A 73-year-old ex-smoker with a history of hyperlipemia and triple-by-coronary pacemaker surgery 11 years earlier was admitted to the hospital with dyspnea and angina on mild exertion for one month.
For this reason, coronary angiography was performed by cardiac catheterization, which showed a coronary disease of three vessels with non-revascularizable obstruction of the saphenous vein graft to marginal obtuse.
Prior to the procedure, the patient was under antiplatelet therapy and had moderate renal insufficiency (creatinine clearance mg/dl) that did not contraindicate the study.
From the time the patient presented a general syndrome with anorexia and anorexia. The laboratory analysis performed two weeks later showed worsening of renal function, with creatinine 7.5 mg/dlES and acute cardiac catheterization with suspected asthenia C.
Due to the progressive increase in creatinine, he required hemodialysis, and as new signs appeared purple spots in the lateral area of the foot (livid reticularis) whose biopsy did not reveal cholesterol emboli.

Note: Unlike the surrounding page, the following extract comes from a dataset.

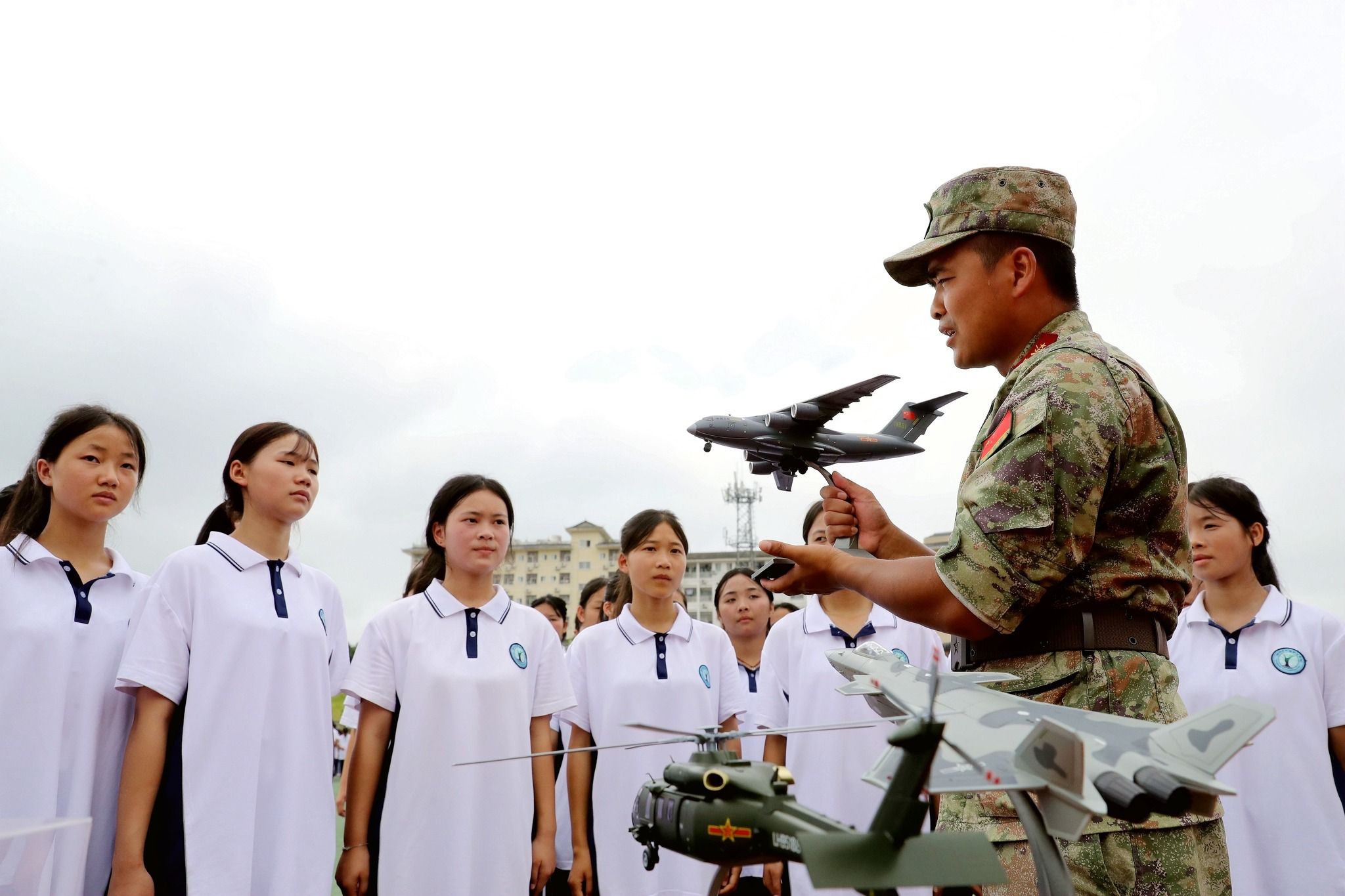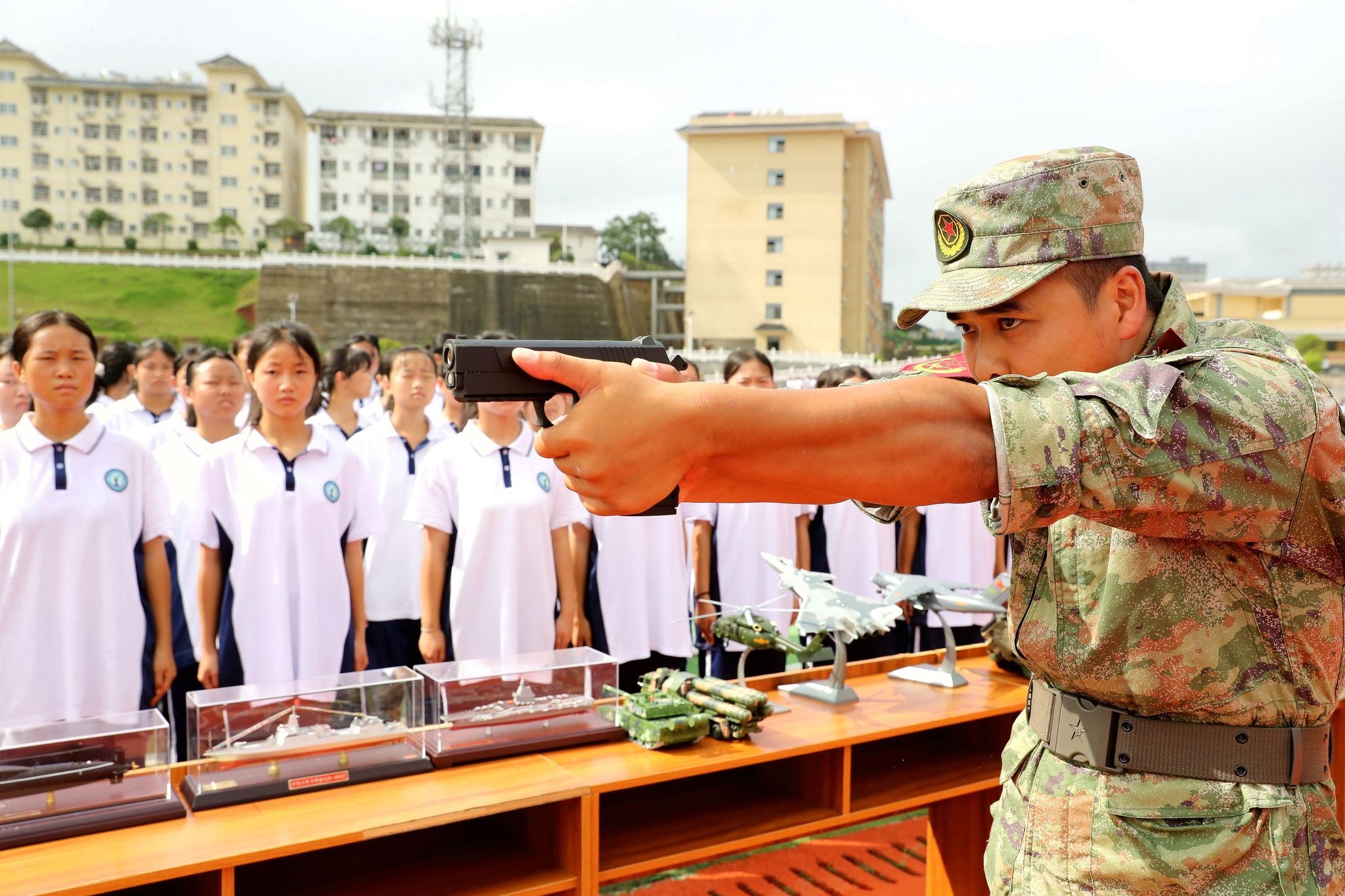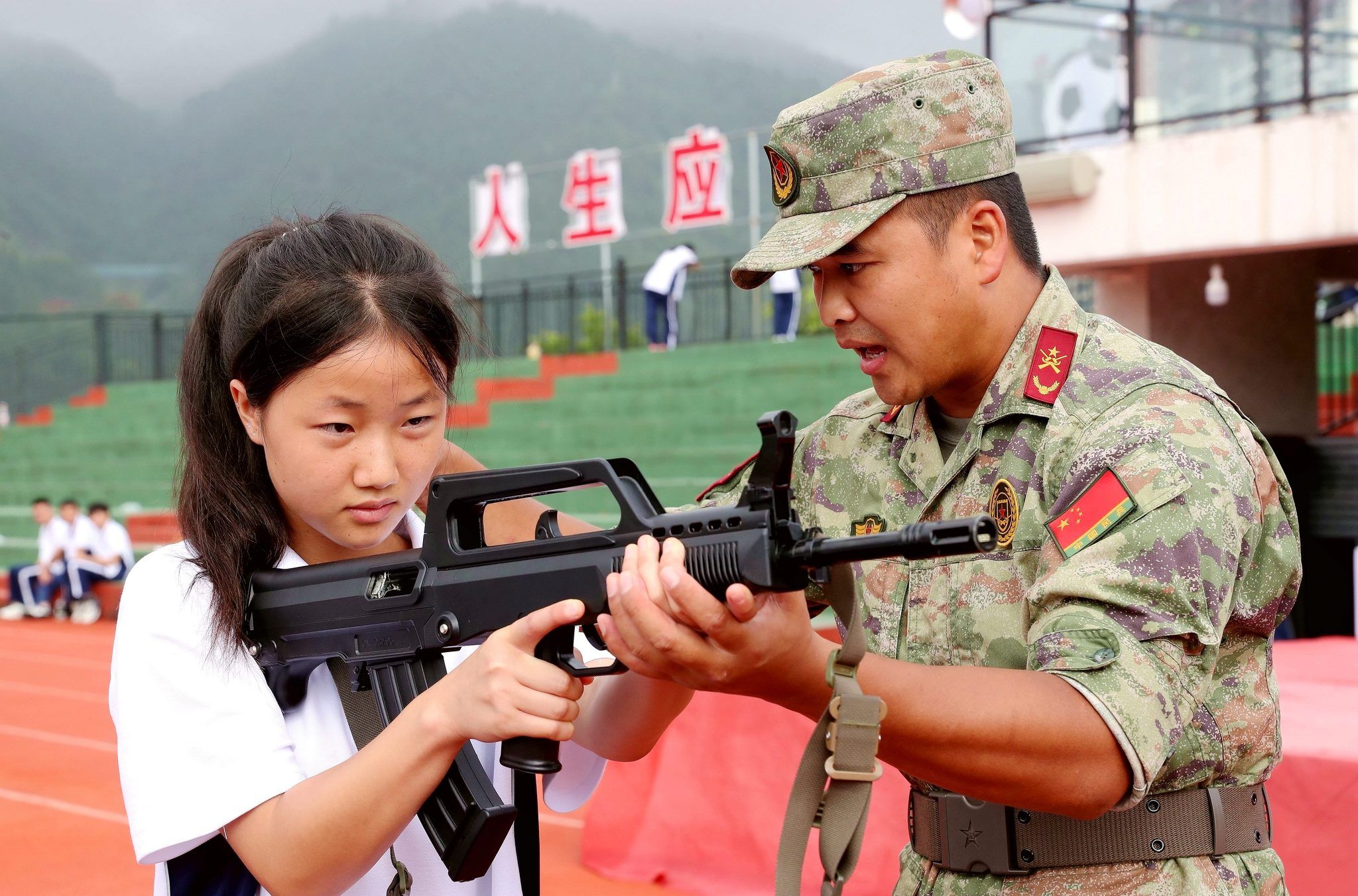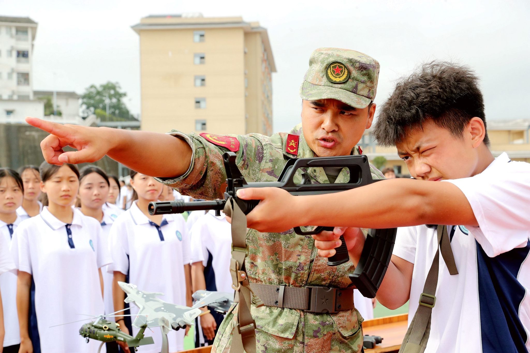 2024年9月10日,贵州黔东南州,榕江县中等职业学校,军训教官在给学生讲解枪械瞄准动作要领。

Cholesterol deficiency was observed in four branches at 40 days, for fundus examination, located in the left eye and visual acuity (VA) was 0.8 in both eyes, intraocular pressure (IOP) was 13 mm.
Subsequently, the patient presented heart failure, accompanied by signs and symptoms of acute peripheral ischemia, worsening of the general condition and progressive obtundation until his death 73 days after the coronary angiography.
At necropsy numerous cholesterol emboli were observed in vascular structures of thyroid, pancreas, heart, spleen, liver and kidneys.